Computational Nanotechnology
Applications of nanotechnology continue to fuel significant innovations in areas ranging from electronics, microcomputing, and biotechnology to medicine, consumer supplies, aerospace, and energy production. As progress in nanoscale science and engineering leads to the continued development of advanced materials and new devices, improved methods of modeling and simulation are required to achieve a more robust quantitative understanding of matter at the nanoscale. Computational Nanotechnology: Modeling and Applications with MATLAB® provides expert insights into current and emerging methods, opportunities, and challenges associated with the computational techniques involved in nanoscale research. Written by, and for, those working in the interdisciplinary fields that comprise nanotechnology—including engineering, physics, chemistry, biology, and medicine—this book covers a broad spectrum of technical information, research ideas, and practical knowledge. It presents an introduction to computational methods in nanotechnology, including a closer look at the theory and modeling of two important nanoscale systems: molecular magnets and semiconductor quantum dots.
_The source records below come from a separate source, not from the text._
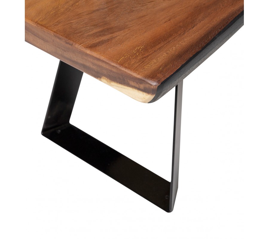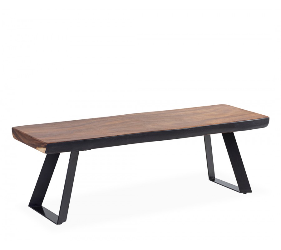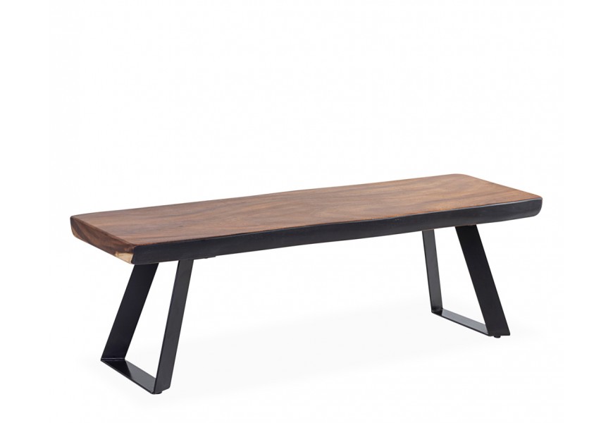 Moderná industriálna lavica Samanea z masívneho dreva suar v hnedej farbe s kovovými nožičkami 126 cm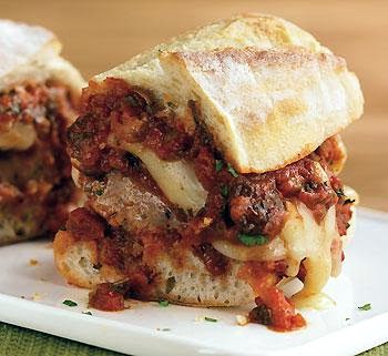 Place baguette bottoms on baking sheet; spread each with about 2 tablespoons sauce from skillet. Cut meatballs in half in skillet; overlap 4 halves on each baguette bottom. Spoon remaining sauce over meatballs, then sprinkle mozzarella over, dividing equally. Bake until cheese melts, about 5 minutes. Sprinkle with remaining parsley and basil and cover with baguette tops.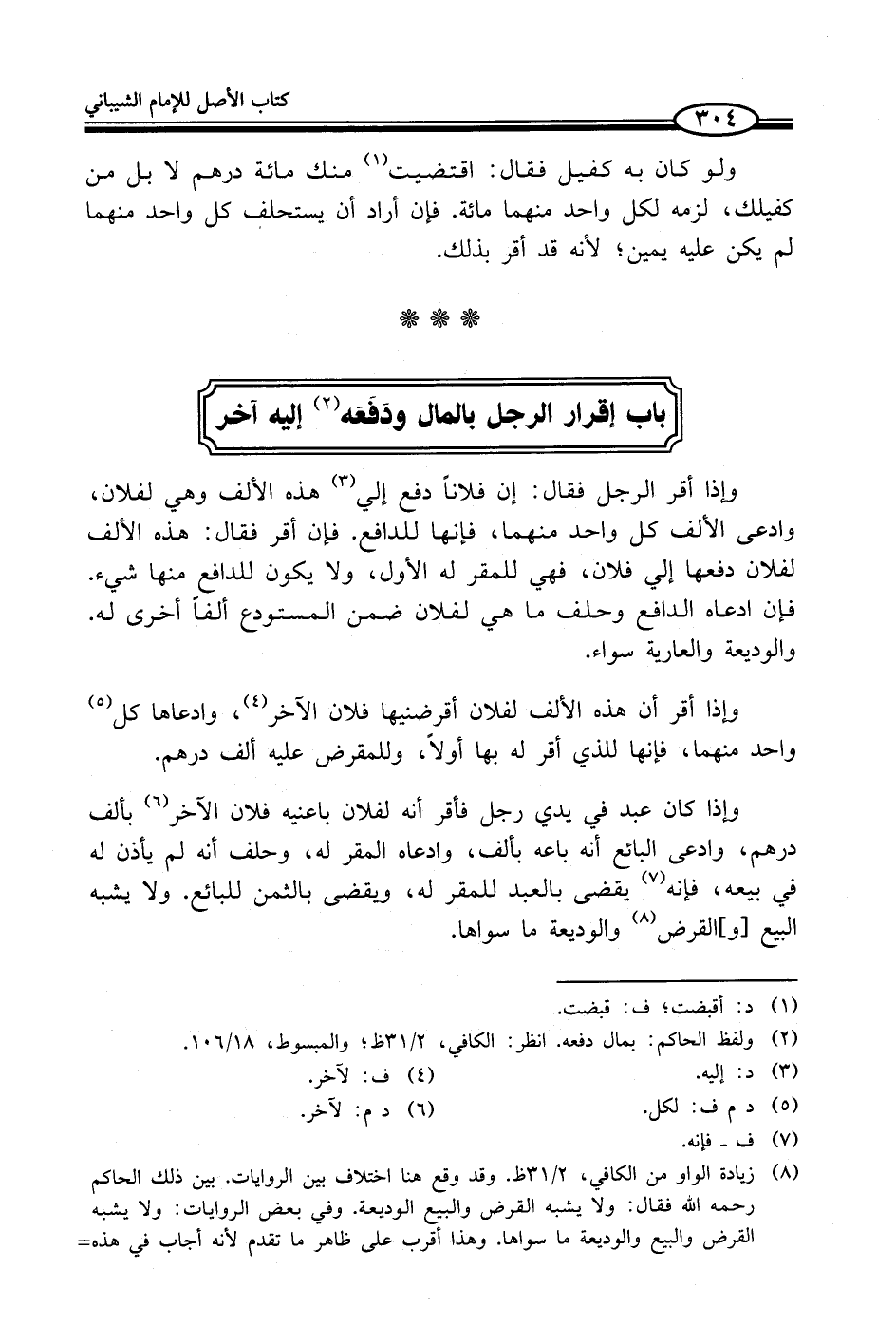 (¬8) زيادة الواو من الكافي، 2/ 31 ظ. وقد وقع هنا اختلاف بين الروايات. بين ذلك الحاكم -رحمه الله- فقال: ولا يثبه القرض والبيع الوديعة. وفي بعض الروايات: ولا يشبه القرض والبيع والوديعة ما سواها. وهذا أقرب على ظاهر ما تقدم لأنه أجاب في هذه=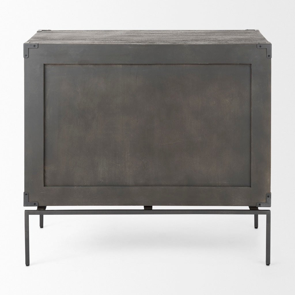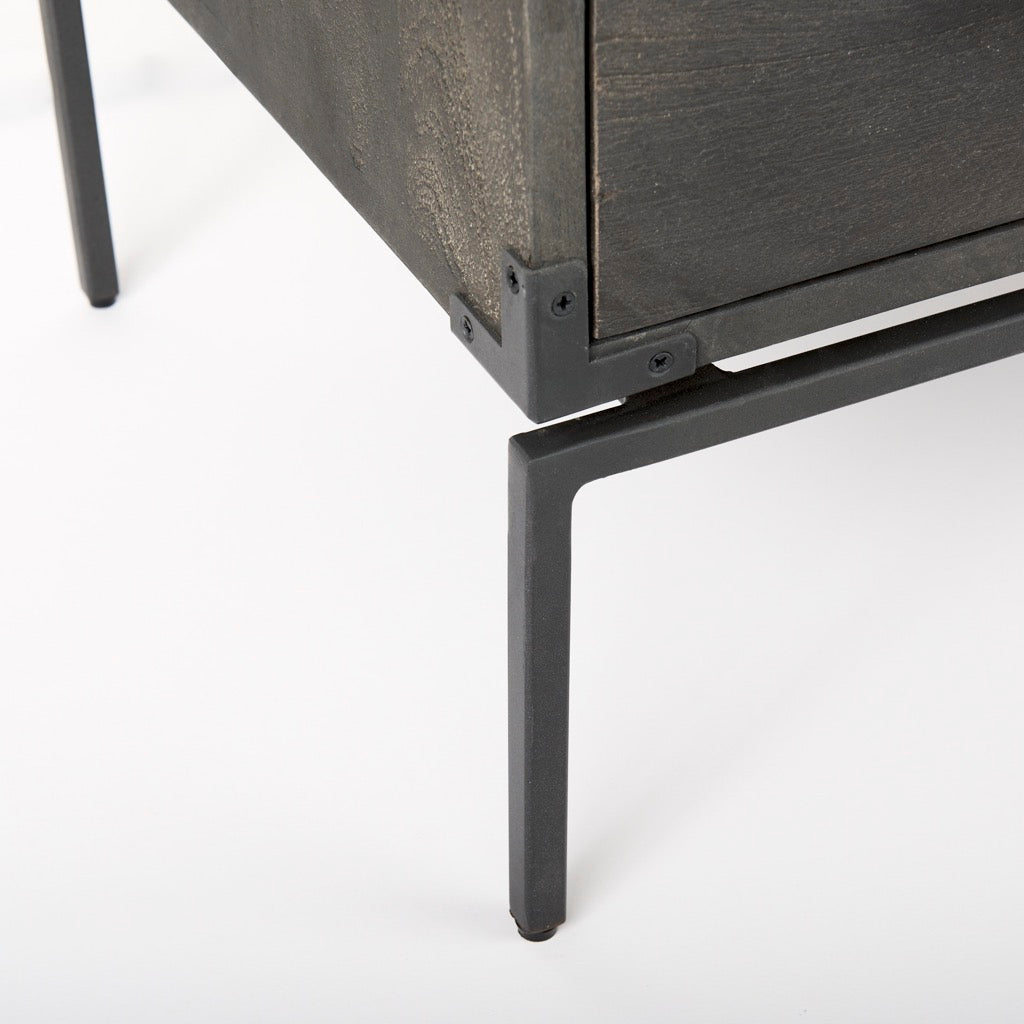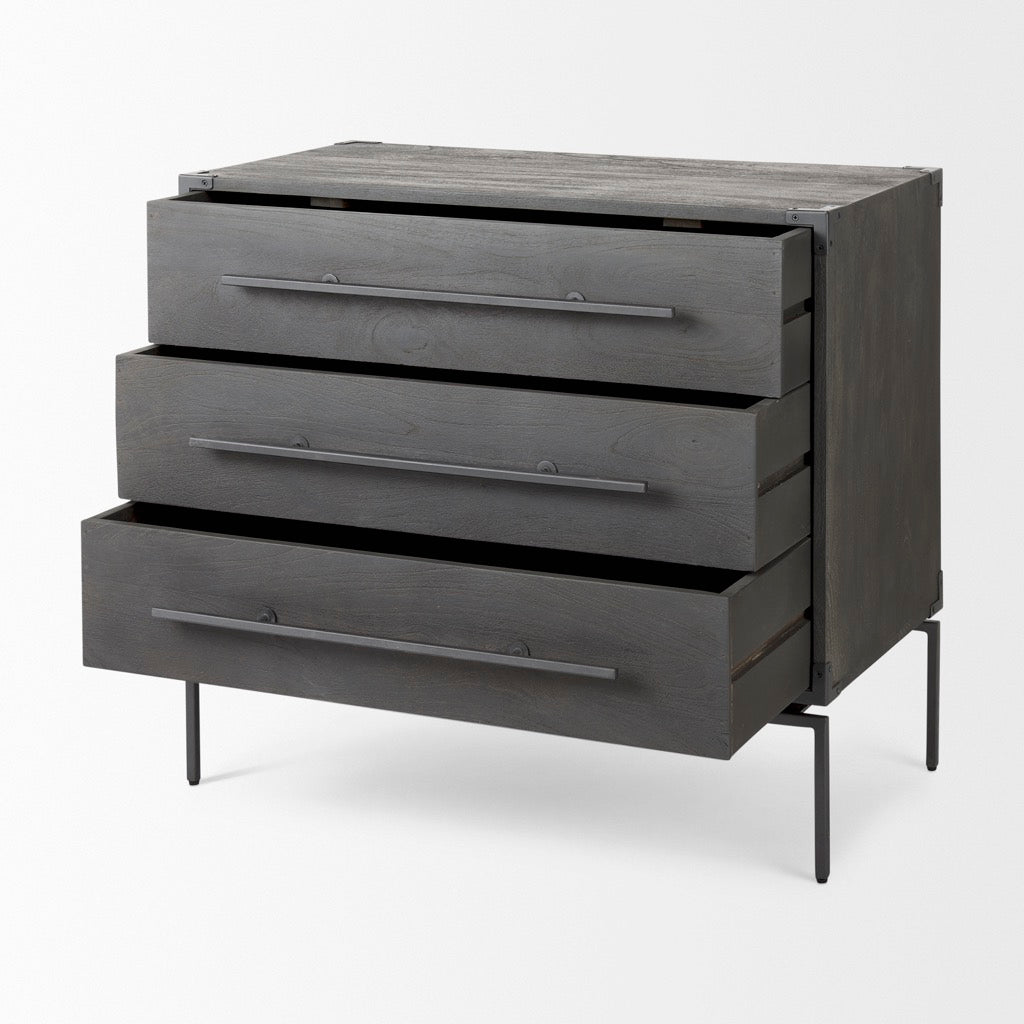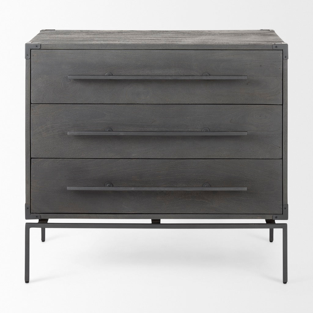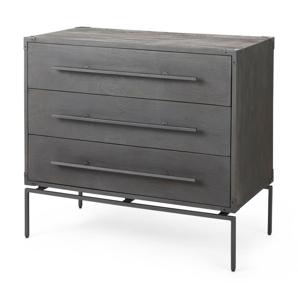 The Ward is an elegant, three-drawer wooden chest with an iron base and handles.

Topics covered include: Modeling of nanoparticles and complex nano and MEMS systems Theory associated with micromagnetics Surface modeling of thin films Computational techniques used to validate hypotheses that may not be accessible through traditional experimentation Simulation methods for various nanotubes and modeling of carbon nanotube and silicon nanowire transistors In regard to applications of computational nanotechnology in biology, contributors describe tracking of nanoscale structures in cells, effects of various forces on cellular behavior, and use of protein-coated gold nanoparticles to better understand protein-associated nanomaterials. Emphasizing the importance of MATLAB for biological simulations in nanomedicine, this wide-ranging survey of computational nanotechnology concludes by discussing future directions in the field, highlighting the importance of the algorithms, modeling software, and computational tools in the development of efficient nanoscale systems.